COLLECTED MATERIAL:
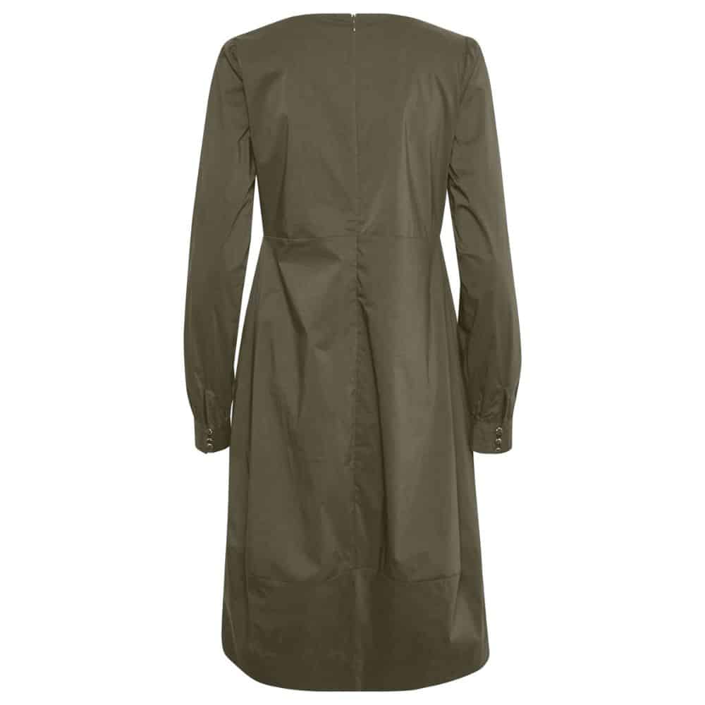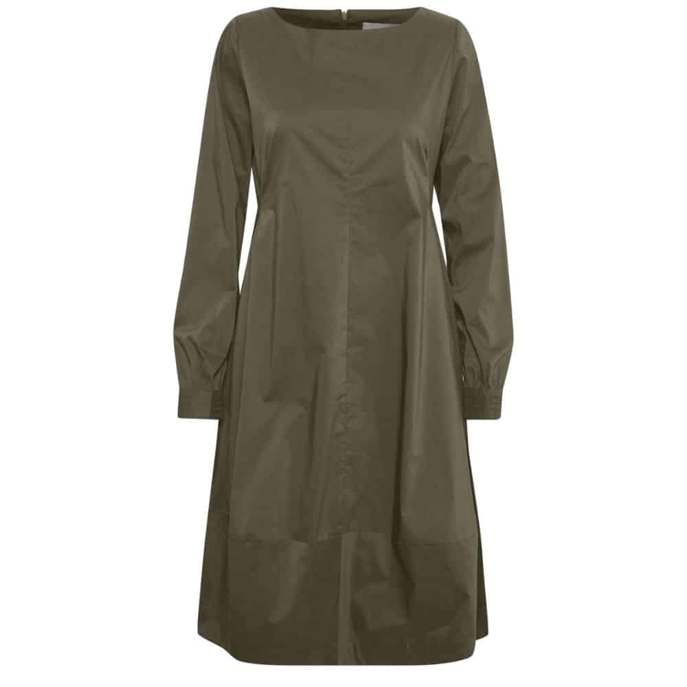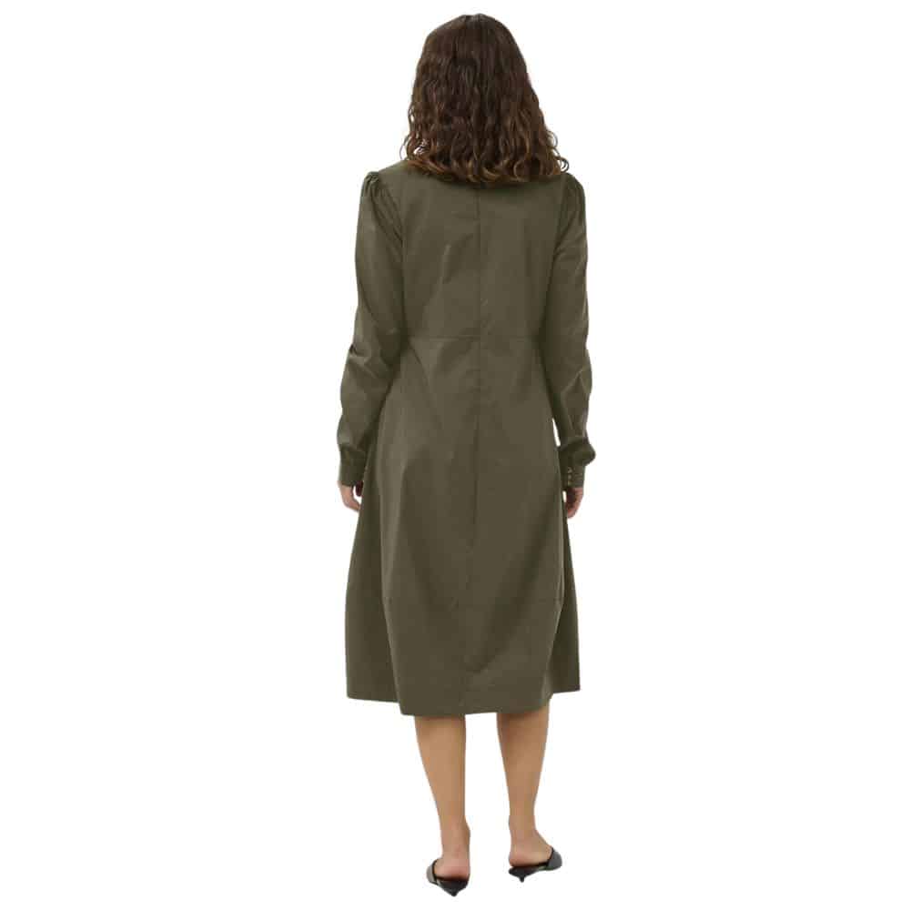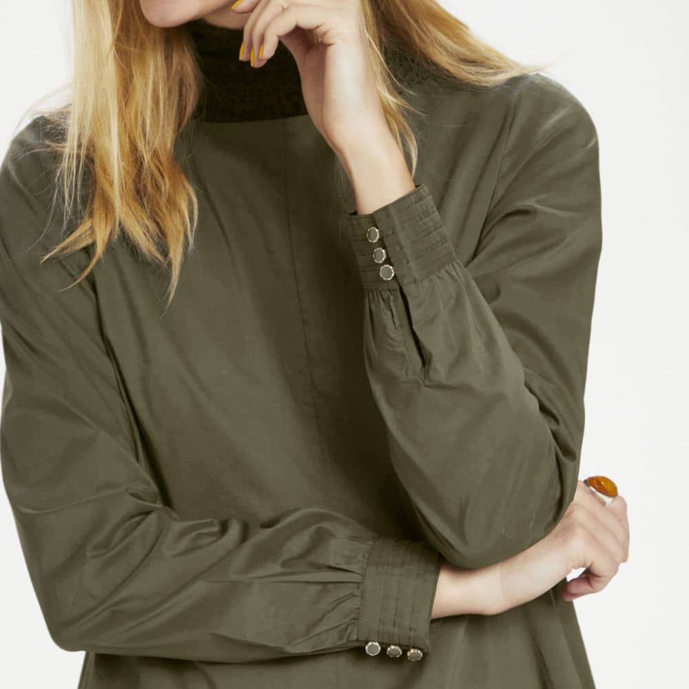 Culture – oliivinvihreä mekko, jossa ihanan kevyt materiaali ja rento mitoitus. Mekossa on pitkät hihat, olkapäillä pieni puhvirypytys ja hihansuissa kauniit napit. Upea midimittainen mekko on kaunis valinta juhliin tai arkeen.
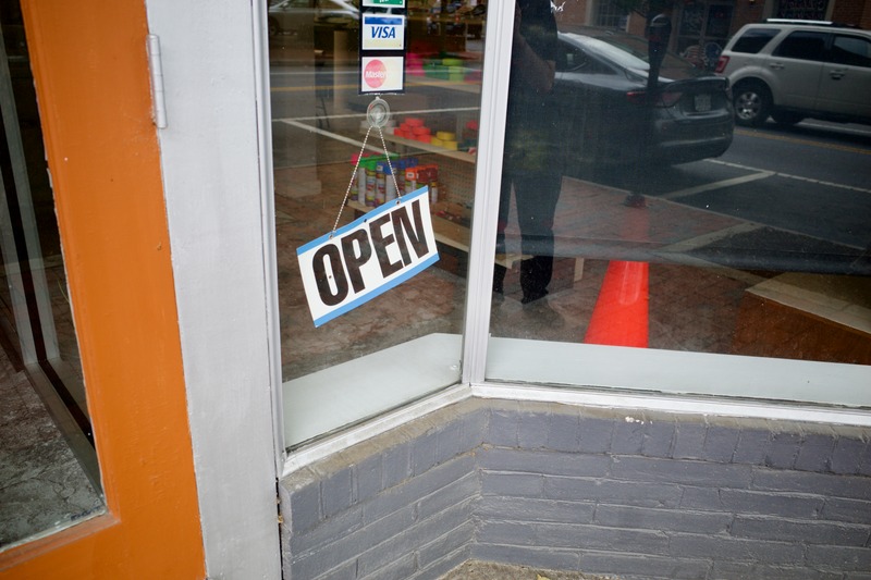 The photograph captures the inviting 'OPEN' sign prominently displayed in a shop's window, suggesting a sense of warmth and accessibility. The reflection of the street outside adds a layer of depth, contrasting the cozy interior with its vibrant colors. The soft, natural light enhances the inviting atmosphere, drawing the viewer’s eye toward the inviting space within.
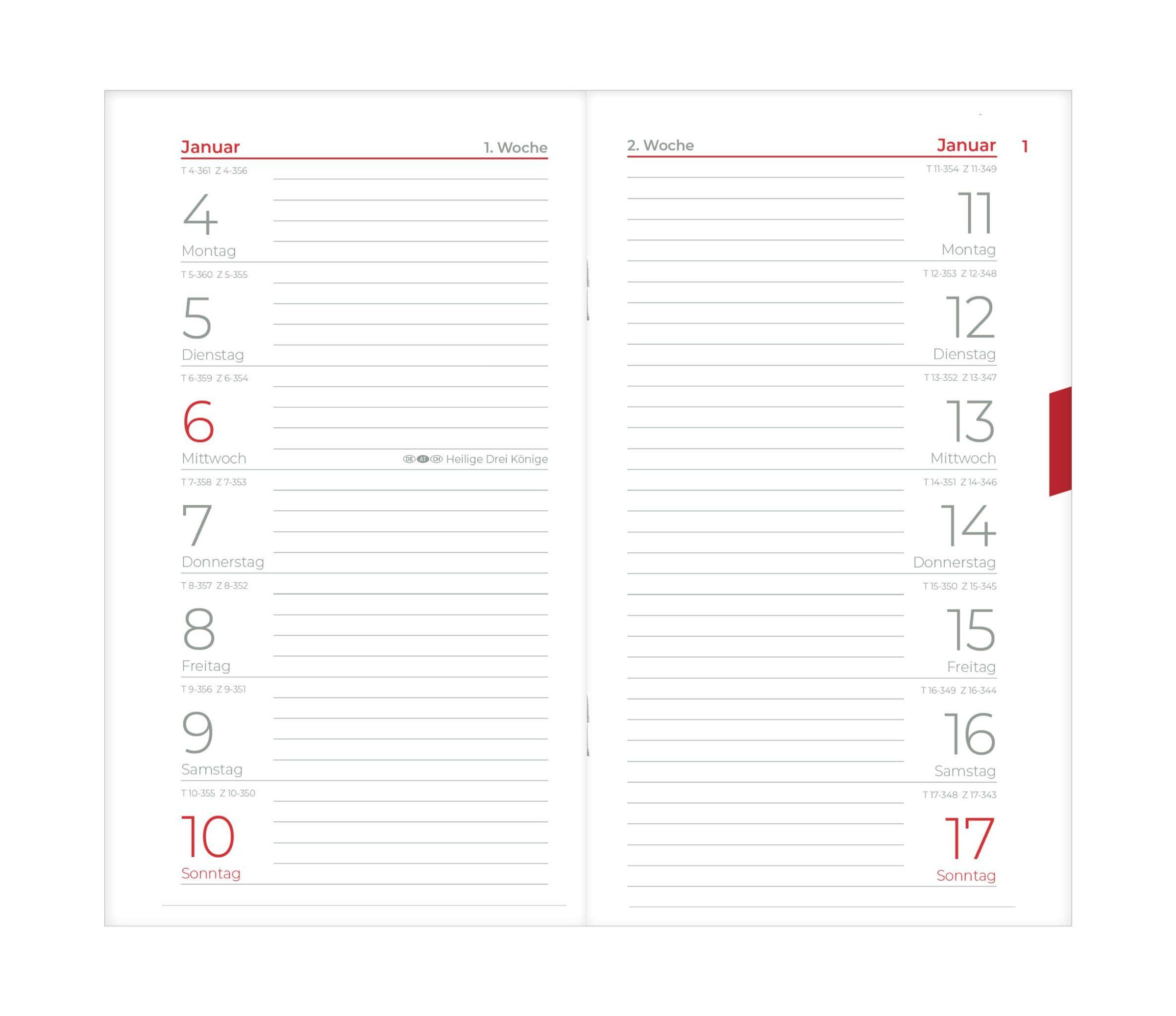 Übersichtlich geplant: 1 Woche pro Seite für schnelle Terminnotizen

ASSIGNED TASK: From the first line to the last, set down the data exactly, without the pictures.

RESPONSE:
 Culture – oliivinvihreä mekko, jossa ihanan kevyt materiaali ja rento mitoitus. Mekossa on pitkät hihat, olkapäillä pieni puhvirypytys ja hihansuissa kauniit napit. Upea midimittainen mekko on kaunis valinta juhliin tai arkeen.
 The photograph captures the inviting 'OPEN' sign prominently displayed in a shop's window, suggesting a sense of warmth and accessibility. The reflection of the street outside adds a layer of depth, contrasting the cozy interior with its vibrant colors. The soft, natural light enhances the inviting atmosphere, drawing the viewer’s eye toward the inviting space within.
 Übersichtlich geplant: 1 Woche pro Seite für schnelle Terminnotizen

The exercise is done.